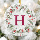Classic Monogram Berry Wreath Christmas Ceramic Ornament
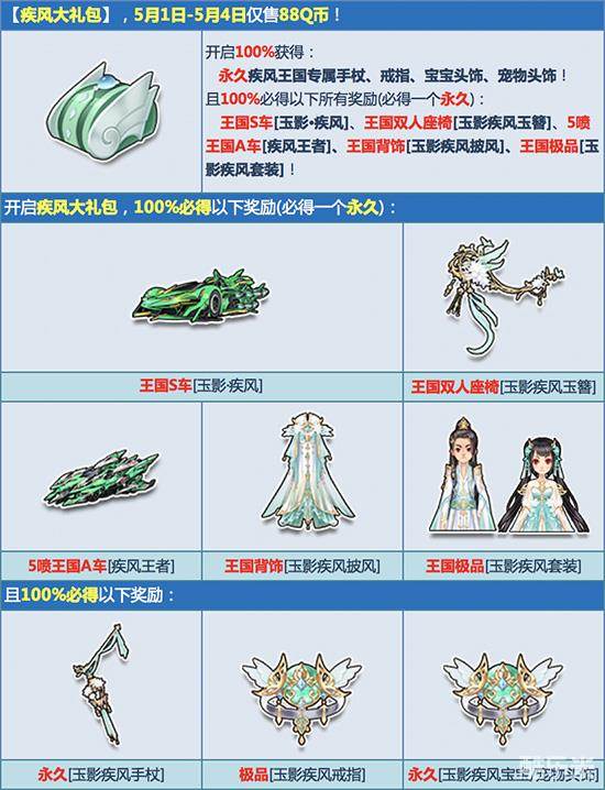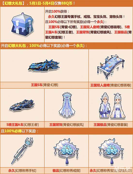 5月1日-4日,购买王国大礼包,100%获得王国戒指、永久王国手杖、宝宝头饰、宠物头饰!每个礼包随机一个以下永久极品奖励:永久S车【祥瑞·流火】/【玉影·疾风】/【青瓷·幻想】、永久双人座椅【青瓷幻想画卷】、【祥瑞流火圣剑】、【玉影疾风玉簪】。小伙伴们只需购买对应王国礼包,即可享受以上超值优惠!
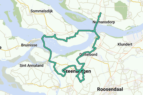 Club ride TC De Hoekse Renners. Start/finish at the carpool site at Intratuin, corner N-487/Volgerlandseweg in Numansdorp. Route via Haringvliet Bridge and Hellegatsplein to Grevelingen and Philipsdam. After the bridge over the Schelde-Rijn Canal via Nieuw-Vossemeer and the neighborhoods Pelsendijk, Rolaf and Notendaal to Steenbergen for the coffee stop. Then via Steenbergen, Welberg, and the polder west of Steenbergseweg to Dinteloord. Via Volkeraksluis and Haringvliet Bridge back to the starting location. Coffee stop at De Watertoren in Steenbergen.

========================================================================

| WHAT IS BEING ASKED |
Each line from the first line of the data above through the one containing "5月1日-4日,购买王国大礼" must be set down exactly; the pictures must not be.

| ANSWER FOR THIS EXERCISE |
Classic Monogram Berry Wreath Christmas Ceramic Ornament
 5月1日-4日,购买王国大礼包,100%获得王国戒指、永久王国手杖、宝宝头饰、宠物头饰!每个礼包随机一个以下永久极品奖励:永久S车【祥瑞·流火】/【玉影·疾风】/【青瓷·幻想】、永久双人座椅【青瓷幻想画卷】、【祥瑞流火圣剑】、【玉影疾风玉簪】。小伙伴们只需购买对应王国礼包,即可享受以上超值优惠!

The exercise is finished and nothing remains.